Supplique de Victor Hugo contre l’exécution de Tapner

Victor Hugo, Aux habitants de Guernesey, 10 janvier 1854
En 1854, Hugo, en exil, exhorte les habitants de l'île de Guernesey à faire gracier John Charles Tapner, condamné à la pendaison pour avoir cambriolé et incendié une maison après avoir tué sa propriétaire. Sur cette île paisible, les exécutions sont rares. En écrivant une lettre ouverte aux habitants, Hugo espère susciter parmi eux un mouvement de clémence, afin d'obtenir des autorités la prison plutôt que la mort.

Peuple de Guernesey,

C'est un proscrit qui vient à vous.

C'est un proscrit qui vient vous parler pour un condamné. L'homme qui est dans l'exil tend la main à l'homme qui est dans le sépulcre. Ne le trouvez pas mauvais, et écoutez-moi :  […]

Peuple de Guernesey, rien n'est petit quand il s'agit de l'inviolabilité humaine.
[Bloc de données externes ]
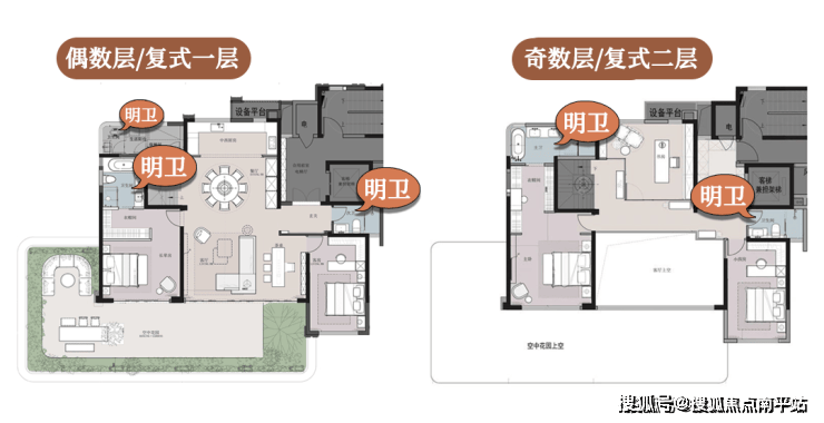 两大户型借力立体生态住宅政策红利,通过空中花园大面积赠送,得房率都达到了约100%,实现较传统住宅的突破性进阶。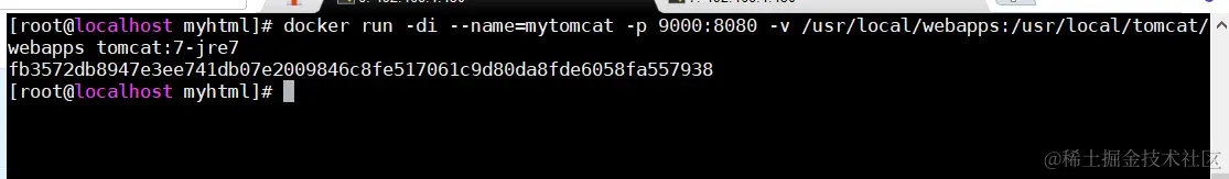 docker run -di --name=mytomcat -p 9000:8080 -v /usr/local/webapps:/usr/local/tomcat/webapps tomcat:7-jre7

Le monde civilisé vous demande la vie de cet homme. […]

Plus le crime est grand, plus le temps doit être long au repentir.

Quoi ! une femme aura été assassinée, lâchement tuée, lâchement ! une maison aura été pillée, violée, incendiée, un meurtre aura été accompli, et autour de ce meurtre on croira entrevoir une foule d'autres actions perverses, un attentat aura été commis, je me trompe, plusieurs attentats, qui exigeraient une longue et solennelle réparation, le châtiment accompagné de la réflexion, le rachat du mal par la pénitence, l'agenouillement du criminel sous le crime et du condamné sous la peine, toute une vie de douleur et de purification ; et parce qu'un matin, à un jour précis, le vendredi 27 janvier, en quelques minutes, un poteau aura été enfoncé dans la terre, parce qu'une corde aura serré le cou d'un homme, parce qu'une âme se sera enfuie d'un corps misérable avec le hurlement du damné, tout sera bien !

Brièveté chétive de la justice humaine !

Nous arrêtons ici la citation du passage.